**Data section**
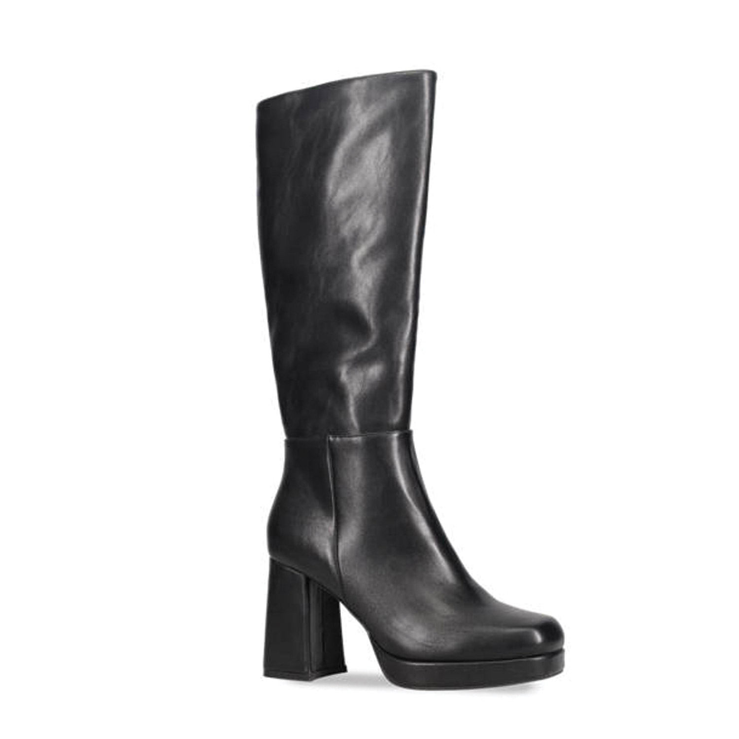 Μαύρη μπότα με ψηλό χοντρό τακούνι. Κλείνει με φερμουάρ.
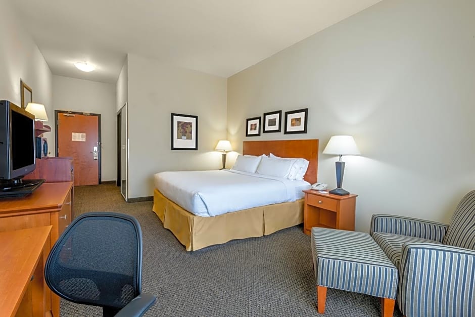 The Holiday Inn Express Hotel Vernal offers a variety of room types including Standard King Rooms with accessible tubs, Standard King Rooms with disability access, King Rooms, King Suites, Standard Queen Rooms with two Queen beds and communication accessibility, Standard Queen Rooms with two Queen beds and mobility accessible tubs, King Suites with accessible tubs, Queen Rooms with two Queen beds, Standard King Rooms with mobility accessible roll-in showers, and Standard Rooms with Double beds. Smoking is not allowed in any of these rooms. The occupancy ranges from 2 adults and 1 child to 4 adults and 3 children. Bed sizes vary from King to Queen. Some rooms have a room size of 355 sqft.
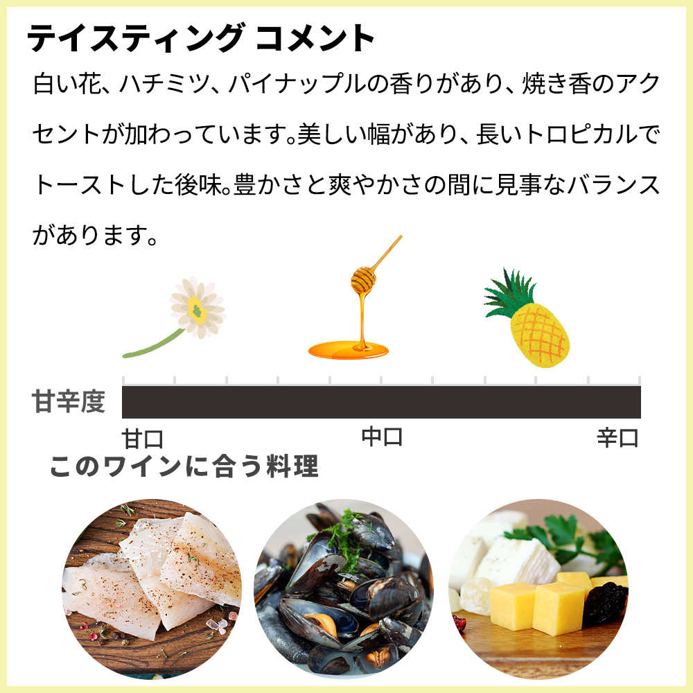 非常に芳香な白ワインで、白い花、ハチミツ、パイナップルの香りがあり、焼き香のアクセントが加わっています。美しい幅があり、長いトロピカルでトーストした後味。豊かさと爽やかさの間に見事なバランスがあります。

**What this task involves**
Transcribe the data word for word, with no images.

**Answer**
 Μαύρη μπότα με ψηλό χοντρό τακούνι. Κλείνει με φερμουάρ.
 The Holiday Inn Express Hotel Vernal offers a variety of room types including Standard King Rooms with accessible tubs, Standard King Rooms with disability access, King Rooms, King Suites, Standard Queen Rooms with two Queen beds and communication accessibility, Standard Queen Rooms with two Queen beds and mobility accessible tubs, King Suites with accessible tubs, Queen Rooms with two Queen beds, Standard King Rooms with mobility accessible roll-in showers, and Standard Rooms with Double beds. Smoking is not allowed in any of these rooms. The occupancy ranges from 2 adults and 1 child to 4 adults and 3 children. Bed sizes vary from King to Queen. Some rooms have a room size of 355 sqft.
 非常に芳香な白ワインで、白い花、ハチミツ、パイナップルの香りがあり、焼き香のアクセントが加わっています。美しい幅があり、長いトロピカルでトーストした後味。豊かさと爽やかさの間に見事なバランスがあります。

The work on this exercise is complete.